I need to process data in Azure Data Lake. My flow is as follows:
The problem is following statemanet:
U-SQL’s procedures do not provide any imperative code-flow constructs such as a for or while loops.
Any idea how to process data in similar way as with cursor?
I didn't find any documentation regarding to the cursors in U-SQL.
Thank you!
There are no cursors in U-SQL, because of the statement you reference above.
U-SQL does not provide any imperative code-flow constructs because it impedes the optimizer's ability to globally optimize your script.
You should think of approaching your problem declaratively. For example, if you have a list of IDs (either in a table or SqlArray or even a file), use a declarative join.

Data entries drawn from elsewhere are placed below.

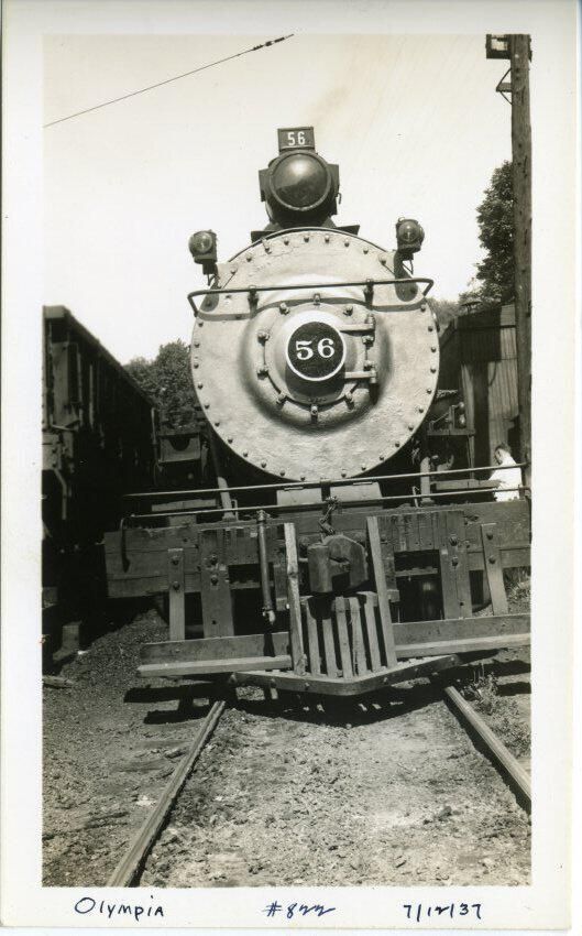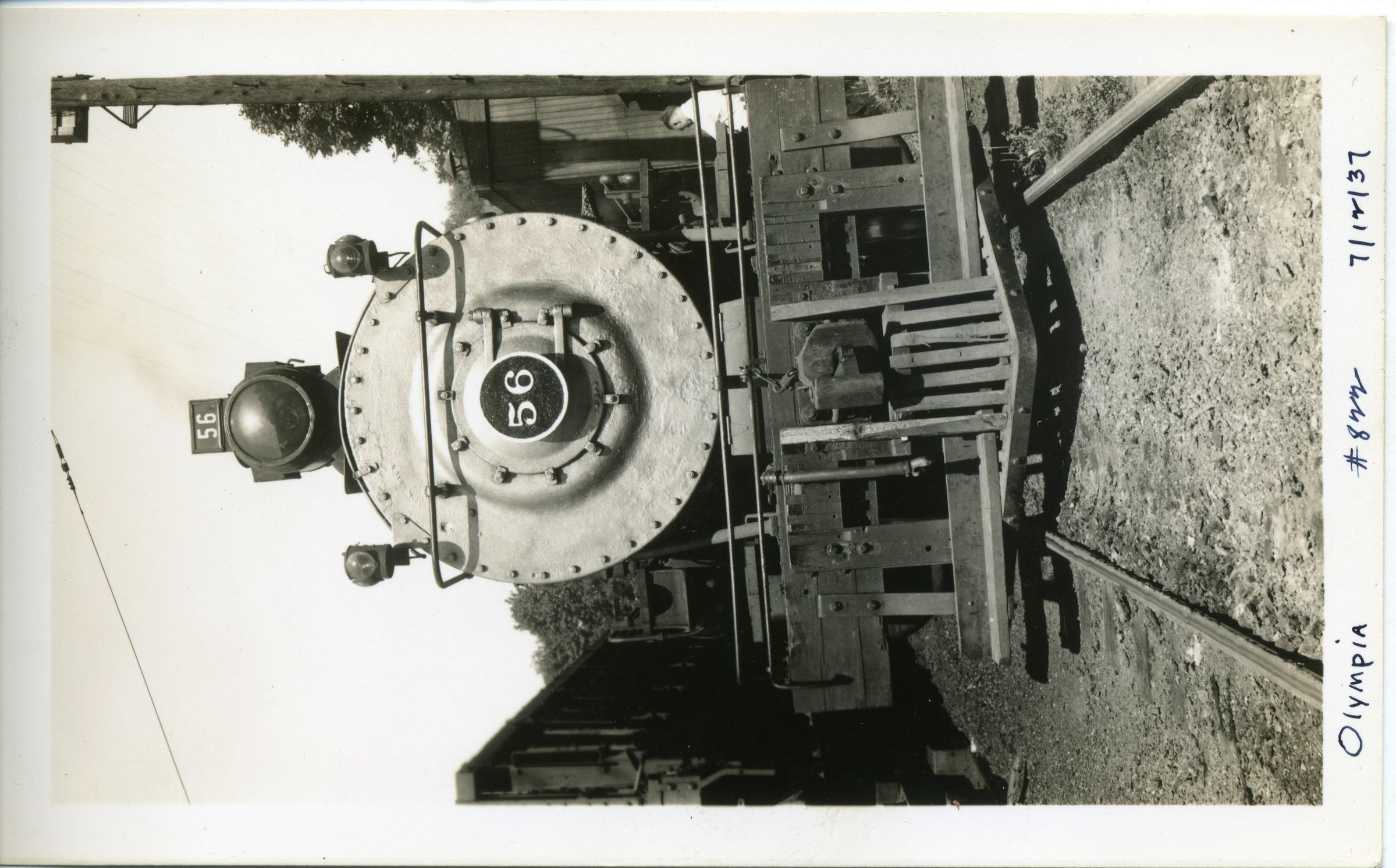 Black and white photo of a locomotive. A railroad track is in the foreground and a head-end view of the locomotive is in the center. Beginning at the bottom, there is a cow catcher in front of the frame and coupling levers. Above the cow catcher is a coupler. The round boiler has rivets around the outside and clamps in the center to close the pipe door. In that center portion is the number "56". There is a pipe bracket holding two marker lights, and at the top is a head light. Part of a freight car is visible on one side, and a telephone pole and wire is visible on the other. Trees are in the background. There is a white border on all sides, and in the bottom border is "Olympia #822 7/12/37". On the back is a seal-shaped stamp whose words are not readable. Below that is a date stamp "Jul 12 1937". Also stamped is "D 23".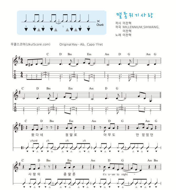 가요교재 악보 959번 반주 악보입니다 전주 간주 반주 타브, 코드표, 리듬표가 첨부된 교재용 연습용 악보입니다 멜로디 악보를 보시려면 여기를 클릭하세요 멸종위기사랑 (가요교재 960) 멜로디 > 악보 | 우쿨스코어 원곡은 Ab, 악보는 G키 입니다 원곡 음원에 맞추어 연습하시려면 카포를 1플렛에 꼽으시거나 어플을 이용해 음원을 반음 내리시면 됩니다 교재 문의 및 레슨문의 010-2247-1010 (수원 싱글벙글 우쿨렐레) | ||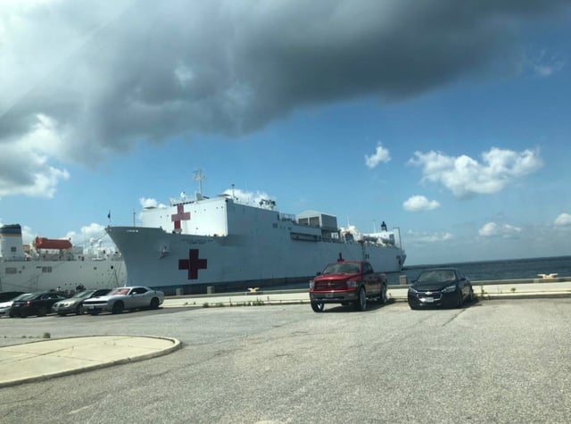 USNS ComfortT-AH-20Mercy級病院船がノーフォーク海軍基地に停泊。 1,125x836: r WarshipPorn。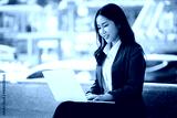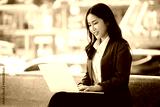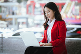 Asian businesswoman in red suit holding tablet while standing in city during daytime

For example, you want to add 42 to every value where the key is in a list of existing keys:
// Two options for providing the "looping data"
// Option 1: Array Variable
DECLARE @keys_var = new SqlArray<string>{"k1", "k2", "k3"};
// Option 2: Rowset (eg from an EXTRACT from file, a table or other place)
@keys = SELECT * FROM (VALUES("k1"), ("k2"), ("k3")) AS T(key);
// This is the data you want to iterate over to add 42 to the value column for every matching key
@inputdata = SELECT * FROM (VALUES (1, "k1"), (2, "k1"), (3, "k2"), (6, "k5")) AS T(value, key);
//Option 1:
@res = SELECT value+42 AS newval, key FROM @inputdata WHERE @keys_var.Contains(key);
OUTPUT @res TO "/output/opt1.csv" USING Outputters.Csv();
//Option 2:
@res = SELECT value+42 AS newval, i.key
FROM @inputdata AS i INNER JOIN @keys AS k
ON i.key == k.key;
OUTPUT @res TO "/output/opt2.csv" USING Outputters.Csv();
Now in your case, you want to have data-driven output file sets. This feature is currently being worked on (it is one of our top asks). Until then you would have to write a script to generate the script (I will provide an example on your other question).